Simple Explanations – Connecting the Internet of Things
When it comes to connecting the Internet of Things, there are an overwhelming number of options. Here's everything important to know about IoT connectivity.
When it comes to connecting the Internet of Things, there are an overwhelming number of options. Cellular, satellite, WiFi, Bluetooth, RFID, NFC, LPWAN, and Ethernet are all possible ways to connect a sensor/device. And within each of these options there can be different providers (e.g. for cellular there’s T-Mobile, Verizon, AT&T, Sprint, etc.).
To help bring clarity to my fellow non-technical people, here’s everything important to know about connecting the Internet of Things that I’ve learned working at Leverege:
Connecting the Internet of Things – Tradeoff Between Power Consumption, Range, and Bandwidth
The perfect connectivity option would consume extremely little power, have huge range, and would be able to transmit large amounts of data (high bandwidth). Unfortunately, this perfect connectivity doesn’t exist.

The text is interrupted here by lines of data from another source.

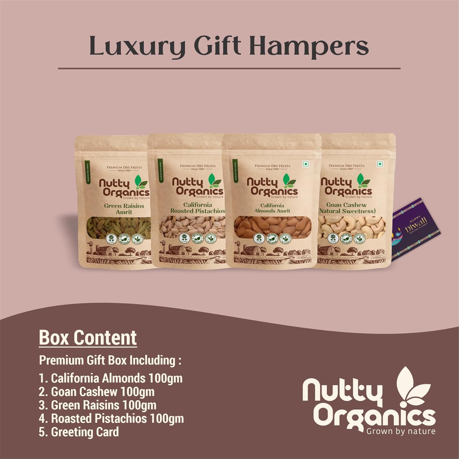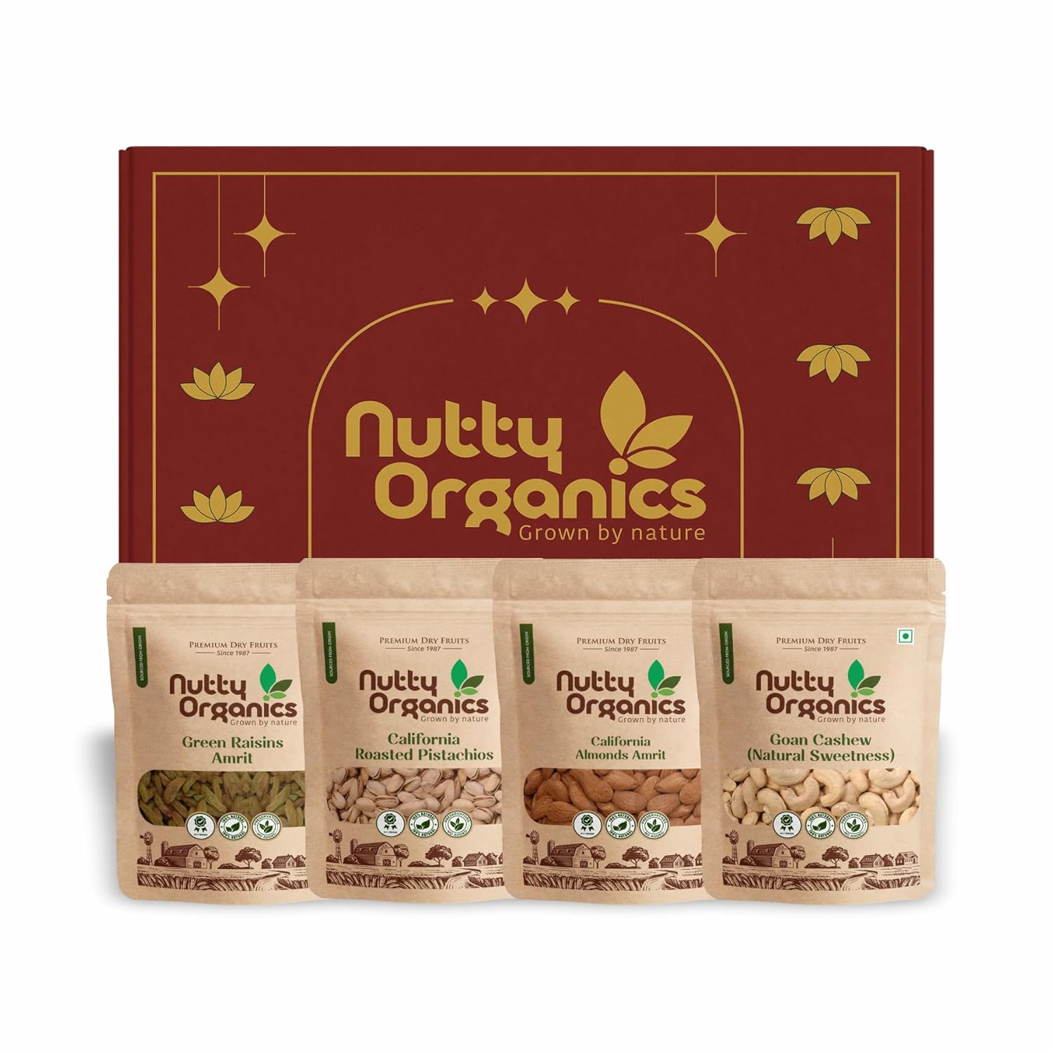 Nutty Organics Gift Box: Cashew · Almonds · Raisins · Pistachio — 100g Each (400g)
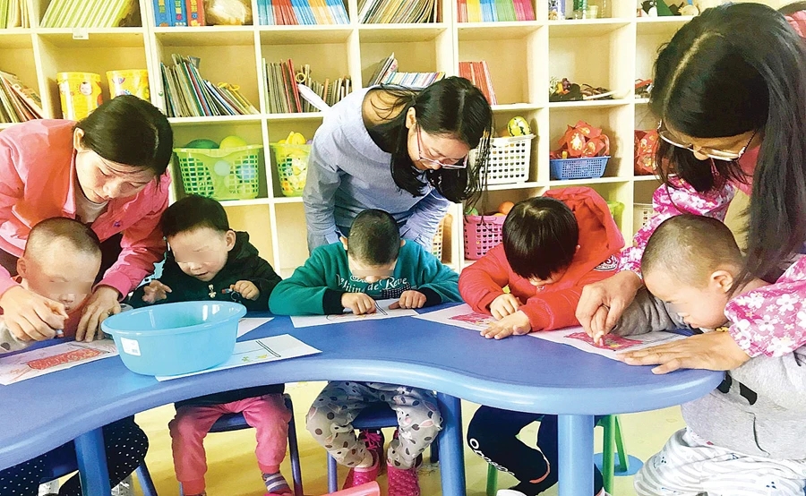 市兒童福利院老師指導孤殘兒童。 惠州東江圖片社供圖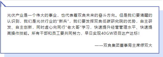 “雙碳”目標(biāo)下,可再生能源的發(fā)展已升至戰(zhàn)略高度,在國家政策持續(xù)發(fā)力與新技術(shù)不斷涌現(xiàn)的背景下,我國光伏行業(yè)迎來高速發(fā)展期。面向未來,雙良將緊抓機(jī)遇,堅持“健康、穩(wěn)定、可持續(xù)發(fā)展”理念,推動光伏新能源產(chǎn)業(yè)穩(wěn)步發(fā)展,打造“世界級清潔能源解決方案提供商”,為“雙碳”目標(biāo)的實現(xiàn)貢獻(xiàn)企業(yè)力量,向著“健康雙良,國際雙良,始終做一家受人尊敬的企業(yè)集團(tuán)”的愿景不斷進(jìn)發(fā)。
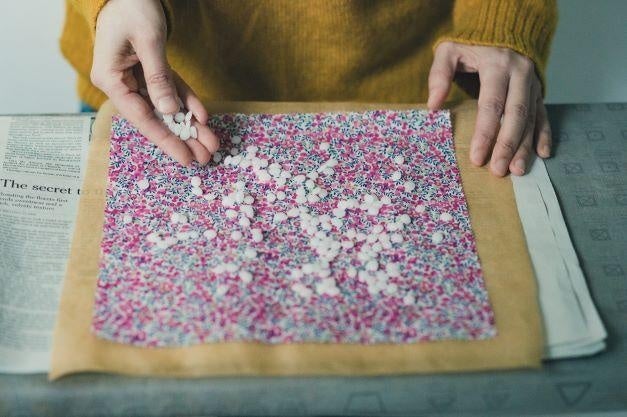まず、アイロン台に新聞紙、クッキングシート、布を順に重ね、みつろうを散らします。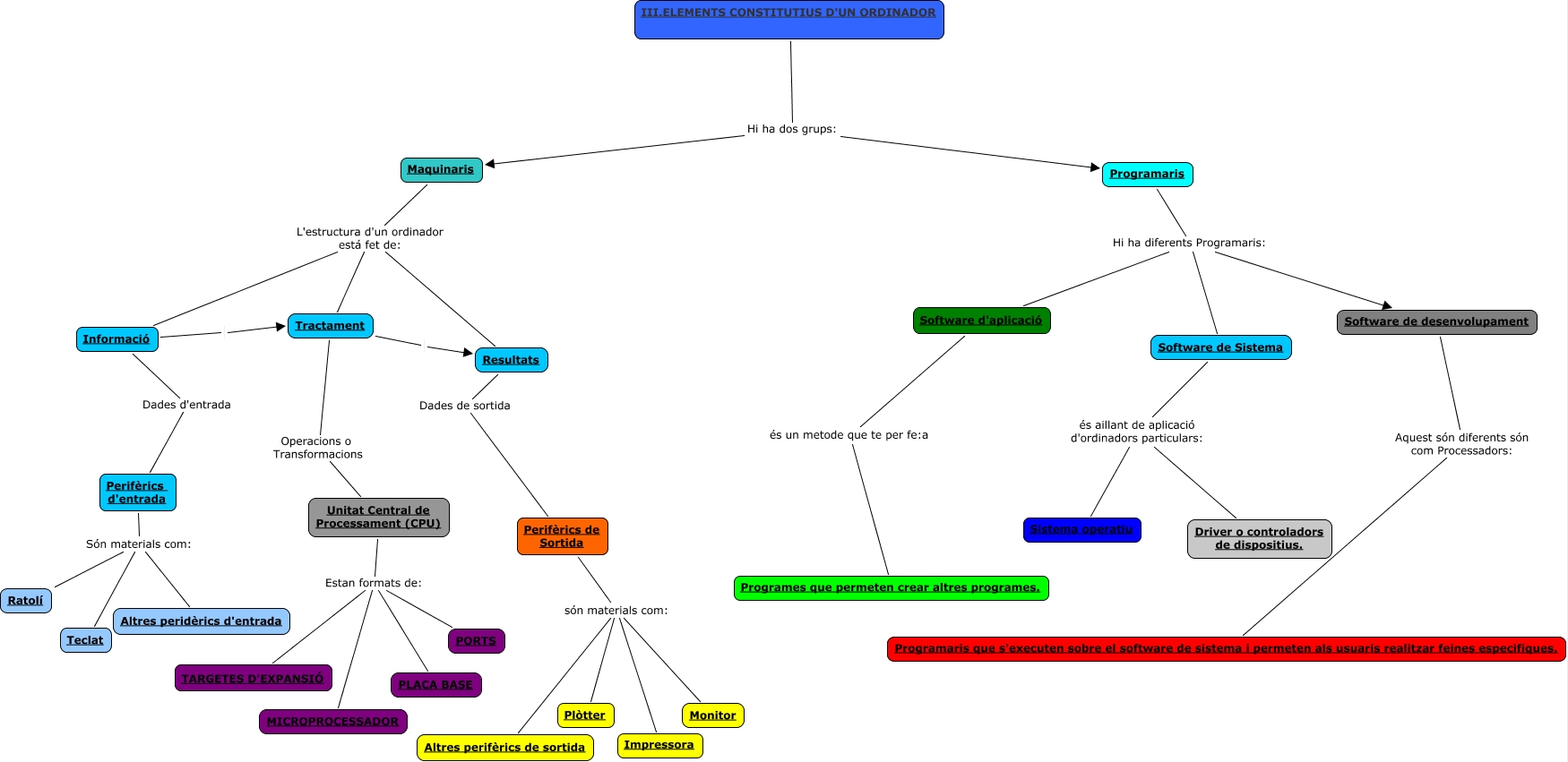 Este Cmap, tiene información relacionada con: mapaa de elements d'ordinador, Maquinaris L'estructura d'un ordinador está fet de: Resultats, Unitat Central de Processament (CPU) Estan formats de: PORTS, Perifèrics de Sortida són materials com: Plòtter, Perifèrics de Sortida són materials com: Altres perifèrics de sortida, Tractament Resultats, Unitat Central de Processament (CPU) Estan formats de: TARGETES D'EXPANSIÓ, Unitat Central de Processament (CPU) Estan formats de: MICROPROCESSADOR, Perifèrics d'entrada Són materials com: Teclat, III.ELEMENTS CONSTITUTIUS D'UN ORDINADOR Hi ha dos grups: Programaris, Maquinaris L'estructura d'un ordinador está fet de: Tractament, Resultats Dades de sortida Perifèrics de Sortida, Programaris Hi ha diferents Programaris: Software de desenvolupament, Perifèrics d'entrada Són materials com: Ratolí, Software de desenvolupament Aquest són diferents són com Processadors: Programaris que s'executen sobre el software de sistema i permeten als usuaris realitzar feines especifiques., Programaris Hi ha diferents Programaris: Software de Sistema, Informació Tractament, Tractament Operacions o Transformacions Unitat Central de Processament (CPU), Perifèrics d'entrada Són materials com: Altres peridèrics d'entrada, Informació Dades d'entrada Perifèrics d'entrada, Unitat Central de Processament (CPU) Estan formats de: PLACA BASE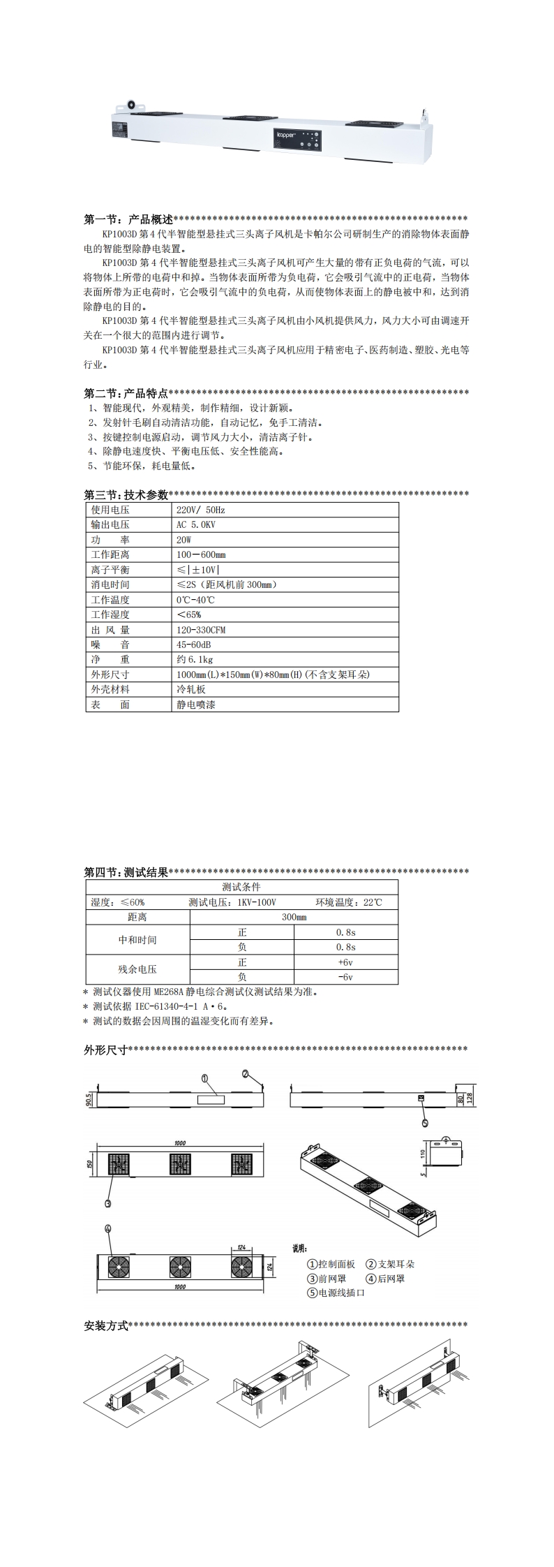 KP1003D第4代半智能型懸掛式三頭離子風(fēng)機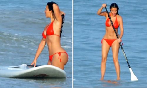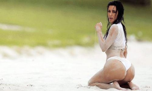 Luego del nacimiento de su hijo Saint, Kim Kardashian volvio a posar en traje de bano para presumir sus pronunciadas curvas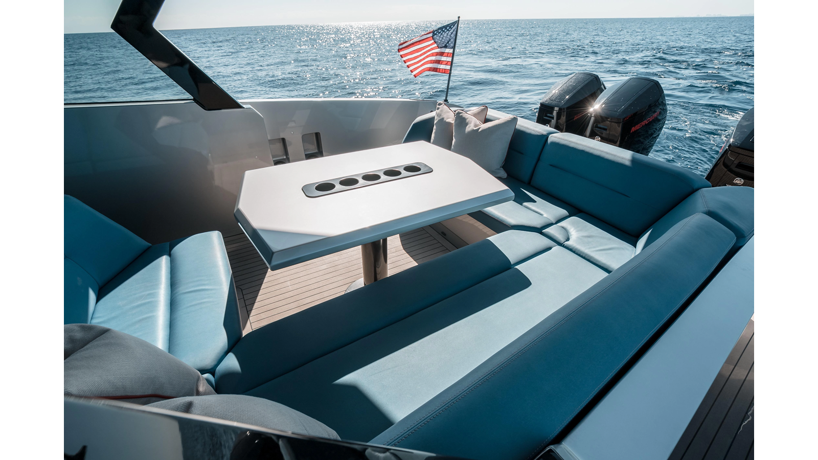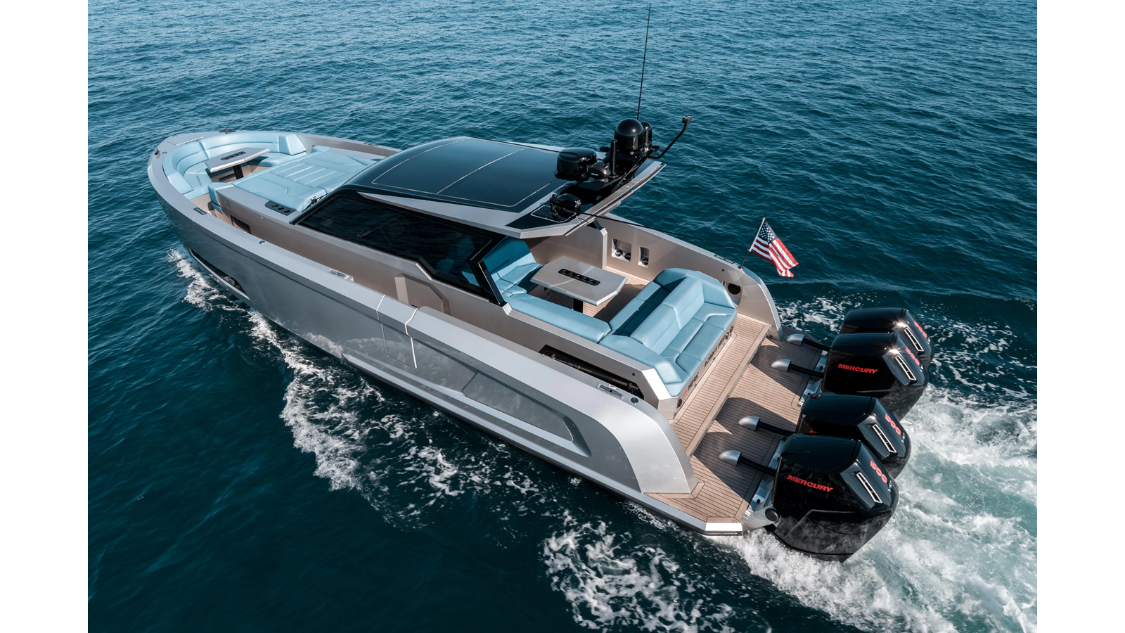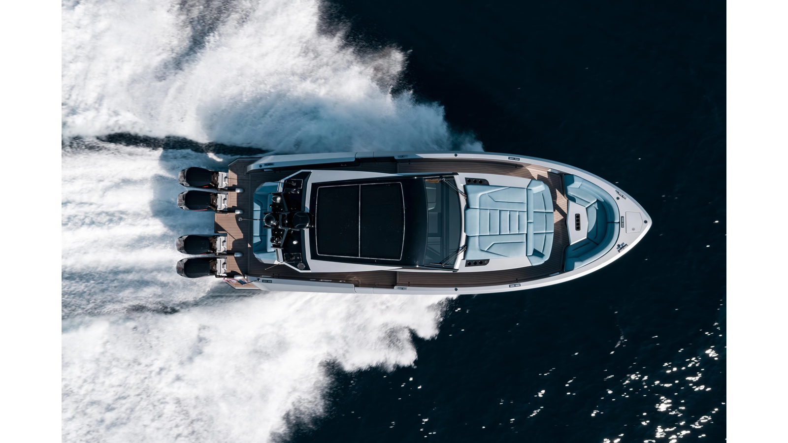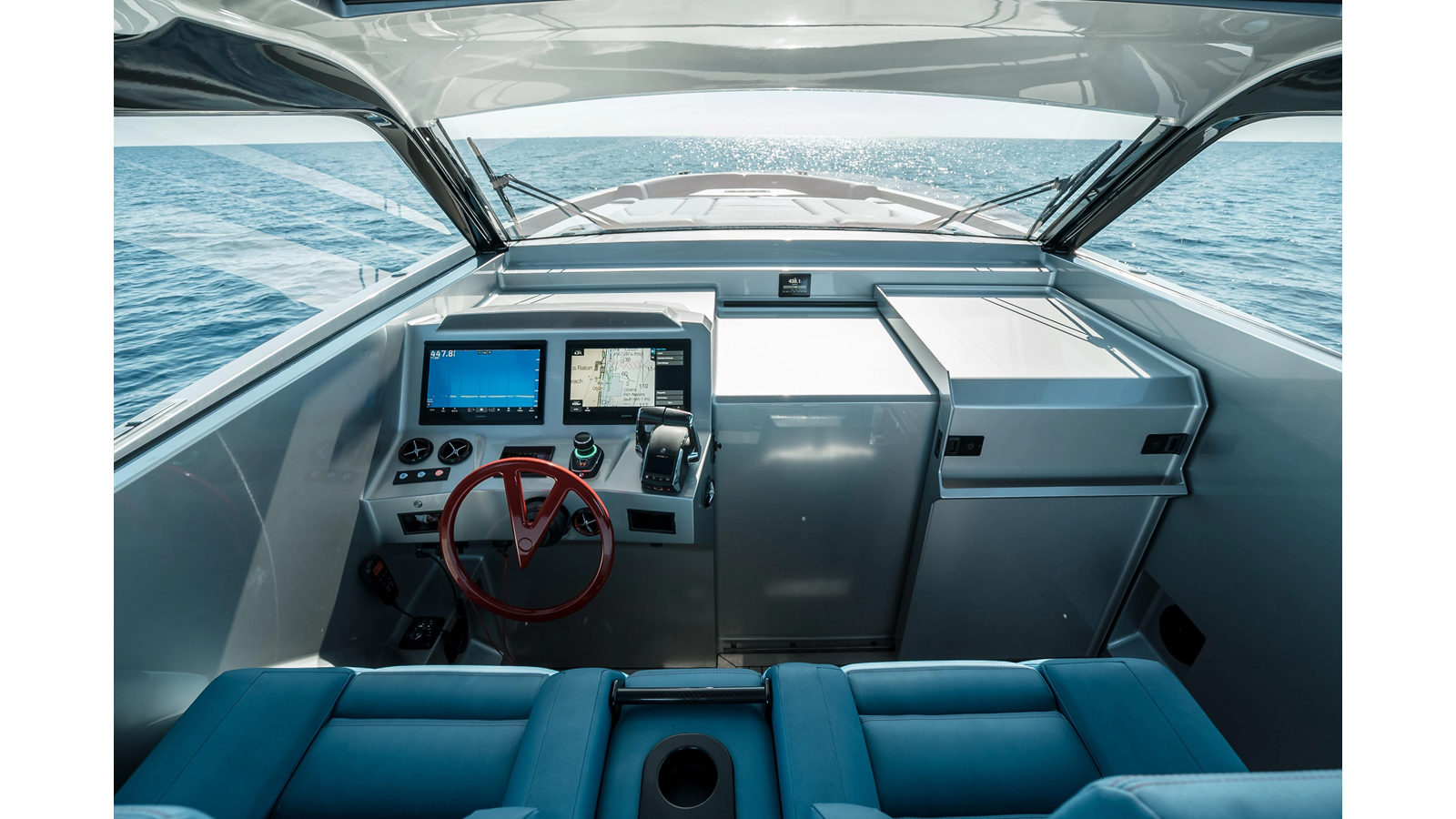 The quad Mercury V10 600HP outboards provide excessive performance, hole shot, and a top speed of over 60 knots. The joystick (with skyhook) and bow thruster make maneuvering in tight spaces effortless, while the SeaKeeper 6 and ZipWake automatic interceptor tabs add stability both at speed and rest.

Each connectivity option represents a tradeoff between power consumption, range, and bandwidth. This allows us to segment the various connectivity options into three major groups:
1) High Power Consumption, High Range, High Bandwidth
To wirelessly send a lot of data over a great distance, it takes a lot of power. A great example of this is your smartphone. Your phone can receive and transmit large amounts of data (e.g. video) over great distances, but you need to charge it every 1–2 days.
Connectivity options in this group include cellular and satellite.
Cellular is used when the sensor/device is within coverage of cell towers. For sensors/devices that are, say, in the middle of the ocean, satellite becomes necessary.
2) Low Power Consumption, Low Range, High Bandwidth
To decrease power consumption and still send a lot of data, you have to decrease the range.
Connectivity options in this group include WiFi, Bluetooth, and Ethernet.
Ethernet is a hard-wired connection, so the range is short because it’s only as far as the wire length. WiFi and Bluetooth are both wireless connections with high bandwidth and lower power consumption than cellular and satellite. However, as I’m sure you’ve experienced just walking around your home, the range is limited.
3) Low Power Consumption, High Range, Low Bandwidth
To increase range while maintaining low power consumption, you have to decrease the amount of data that you’re sending.
Connectivity options in this group are called Low-Power Wide-Area Networks (LPWAN) or LoRaWAN.
LPWANs send small amounts of data which allows them to operate at very low power with ranges in miles rather than feet. For example, a moisture sensor for agricultural purposes doesn’t need to send a lot of data, perhaps just a single number (the moisture level) every few hours. You also don’t want this sensor to consume a lot of power because it needs to run on battery (plugging it into an outlet in the middle of a field just isn’t realistic). And since agriculture covers a wide area, WiFi and Bluetooth lack the range.
LPWANs are extremely useful for many IoT applications. They allow tons of sensors to collect and send data over broad areas while lasting years on battery life. Although they can’t send much data, most sensors don’t need to However, these kinds of application often need IoT gateways to work.
Wait, what about RFID and NFC?
In the interest of keeping this post simple and high-level, I’ve glossed over some other connectivity options like Radio Frequency Identification (RFID) and Near-Field Communication (NFC).
The groupings above are somewhat generalized, within each there are many diverse options with differing pros and cons.
However, this grouping is a helpful way to conceptualize connecting the Internet of Things and why there are so many options. It all comes down to a tradeoff between power consumption, range, and bandwidth.